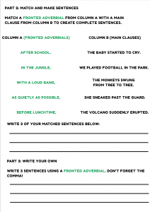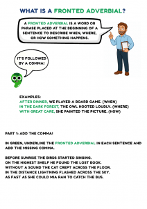 Teach children how to use fronted adverbials with this engaging grammar worksheet. Perfect for ESL learners, this activity helps kids practise sentence starters like ‘After school,’ ‘Suddenly,’ and ‘Without warning’ to add detail and structure to their writing. Ideal for classroom or home learning!
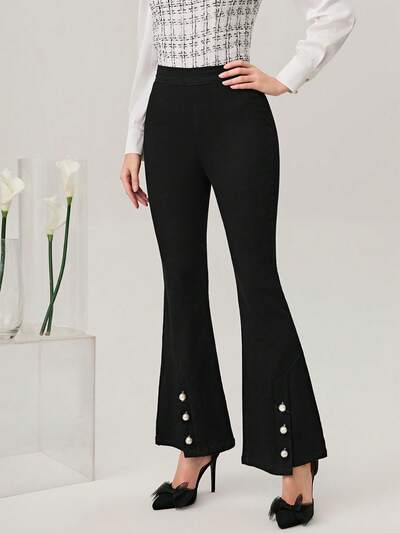 Pearls Detail Flare Leg Jeans-25%
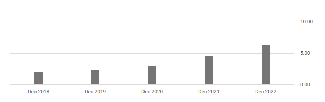 5년간 배당성장률은 27.86%로 배당성장주로서 매력적이다. 보통 배당증액이 시작되고 시간이 지날수록 배당성장률이 낮아지는 경향이 있는데, VRTS는 연간 배당성장률이 점점 높아지고 있다. 2023년 10월 배당이 얼마나 증가할지 기대된다.
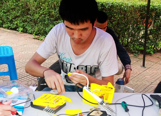 活动现场,一些老师拿着自家的电吹风等小型家用电器前来维修,同学们也带着大大小小的物品前来寻求帮助。
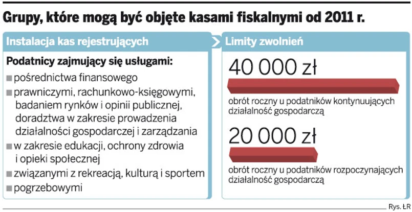 Tymczasem Ministerstwo Finansów chce zakończyć w kwietniu prace nad przepisami rozszerzającymi na nowe grupy podatników obowiązek stosowania w prowadzonej działalności gospodarczej kas fiskalnych. Zgodnie z wcześniejszymi zapowiedziami MF oraz Planem Rozwoju i Konsolidacji Finansów 2010–2011 nowym obowiązkiem ma zostać objęte jak najszersze grono przedsiębiorców. Ważne przy tym będzie to, aby resort finansów przy rozbudowywaniu tych przepisów nie poszedł za daleko. Nie ma przecież potrzeby wprowadzania kas fiskalnych u podatników, którzy każdą transakcję dokumentują fakturami VAT. Przykładem mogą być zakłady wodociągowe.
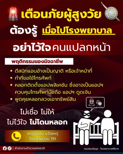 สำนักงานตำรวจแห่งชาติ เตือนภัยผู้สูงวัยเมื่อไปในที่สาธารณะระวังภัยจาก “คนแปลกหน้า”
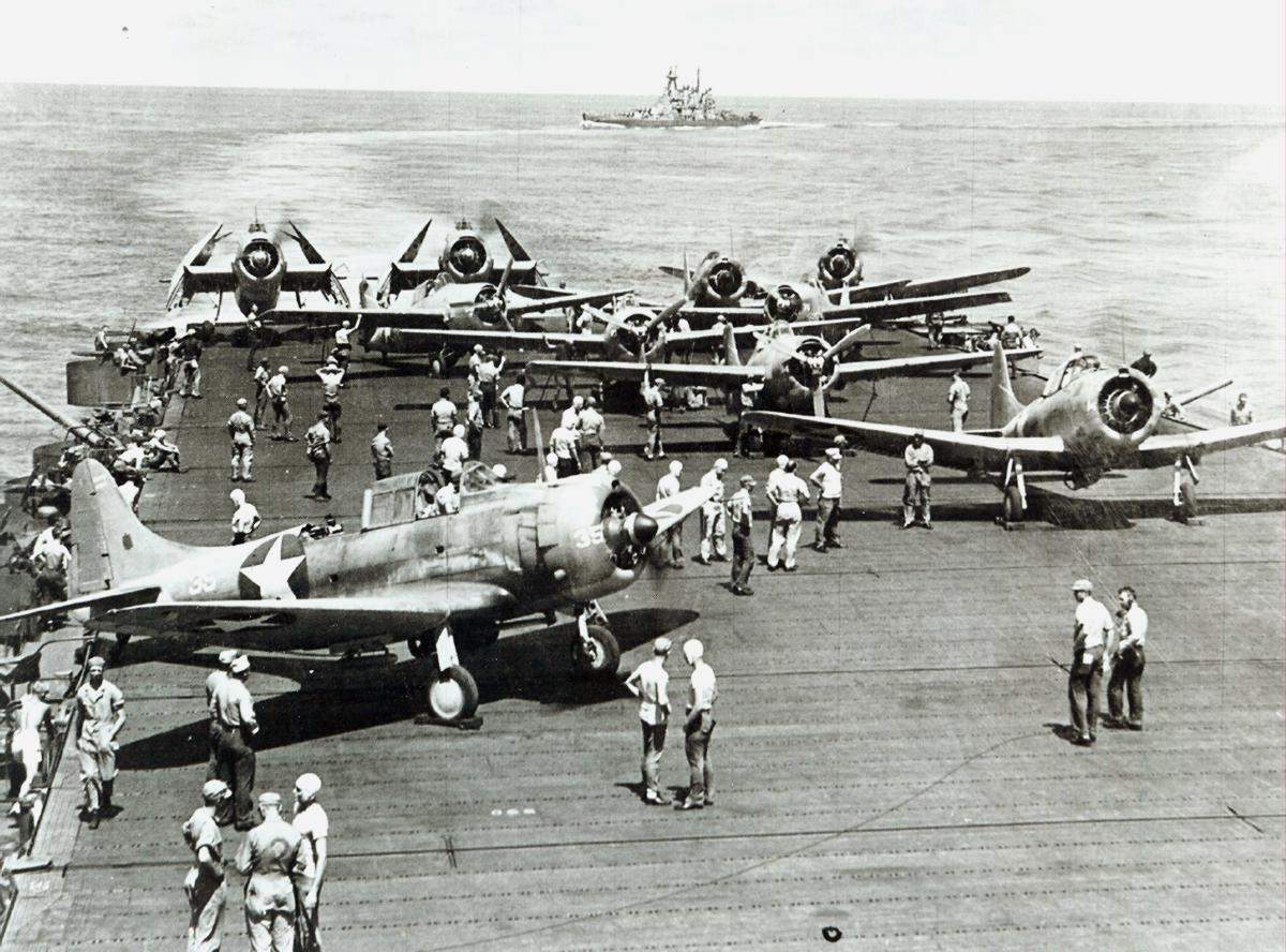 1.69k | Two U.S. Navy Curtiss SB2C-4 Helldiver dive bombers of Bombing Squadron 83 (VB-83) fly against the backdrop of ships of Task Group 38.3 operating off Okinawa. VB-83 operated from Essex (CV-9), pictured in foreground, during the period March-September 1945. Note the geometric identification symbols ("G-symbols") of the aircraft from the Essex. In the background are the battleship Washington (BB-56), a long-hull Essex-class carrier and an Independence-class light carrier. | Photo courtesy of US Navy and Marine Corps Museum/Naval Aviation Museum, Photo No. 1996.253.360 via Robert Hurst. | |
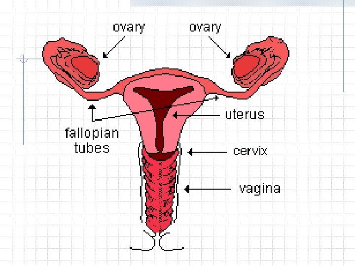 Hymen n A mucous membrane partially closing the external opening of the vagina w No known function and not present in all females Vagina (Birth Canal) n Muscular, very elastic tube that serves as a passageway to the uterus Cervix n The lower end or neck of the uterus or the opening between the uterus and the vagina Uterus n Small, muscular, pear-shaped organ about the size of a fist
-- -- --
▶ [WHAT IS NEEDED]: The task calls for duplicating the data exactly, with no images kept.

▶ [RESULT FOR THIS TASK]:
 Teach children how to use fronted adverbials with this engaging grammar worksheet. Perfect for ESL learners, this activity helps kids practise sentence starters like ‘After school,’ ‘Suddenly,’ and ‘Without warning’ to add detail and structure to their writing. Ideal for classroom or home learning!
 Pearls Detail Flare Leg Jeans-25%
 5년간 배당성장률은 27.86%로 배당성장주로서 매력적이다. 보통 배당증액이 시작되고 시간이 지날수록 배당성장률이 낮아지는 경향이 있는데, VRTS는 연간 배당성장률이 점점 높아지고 있다. 2023년 10월 배당이 얼마나 증가할지 기대된다.
 活动现场,一些老师拿着自家的电吹风等小型家用电器前来维修,同学们也带着大大小小的物品前来寻求帮助。
 Tymczasem Ministerstwo Finansów chce zakończyć w kwietniu prace nad przepisami rozszerzającymi na nowe grupy podatników obowiązek stosowania w prowadzonej działalności gospodarczej kas fiskalnych. Zgodnie z wcześniejszymi zapowiedziami MF oraz Planem Rozwoju i Konsolidacji Finansów 2010–2011 nowym obowiązkiem ma zostać objęte jak najszersze grono przedsiębiorców. Ważne przy tym będzie to, aby resort finansów przy rozbudowywaniu tych przepisów nie poszedł za daleko. Nie ma przecież potrzeby wprowadzania kas fiskalnych u podatników, którzy każdą transakcję dokumentują fakturami VAT. Przykładem mogą być zakłady wodociągowe.
 สำนักงานตำรวจแห่งชาติ เตือนภัยผู้สูงวัยเมื่อไปในที่สาธารณะระวังภัยจาก “คนแปลกหน้า”
 1.69k | Two U.S. Navy Curtiss SB2C-4 Helldiver dive bombers of Bombing Squadron 83 (VB-83) fly against the backdrop of ships of Task Group 38.3 operating off Okinawa. VB-83 operated from Essex (CV-9), pictured in foreground, during the period March-September 1945. Note the geometric identification symbols ("G-symbols") of the aircraft from the Essex. In the background are the battleship Washington (BB-56), a long-hull Essex-class carrier and an Independence-class light carrier. | Photo courtesy of US Navy and Marine Corps Museum/Naval Aviation Museum, Photo No. 1996.253.360 via Robert Hurst. | |
 Hymen n A mucous membrane partially closing the external opening of the vagina w No known function and not present in all females Vagina (Birth Canal) n Muscular, very elastic tube that serves as a passageway to the uterus Cervix n The lower end or neck of the uterus or the opening between the uterus and the vagina Uterus n Small, muscular, pear-shaped organ about the size of a fist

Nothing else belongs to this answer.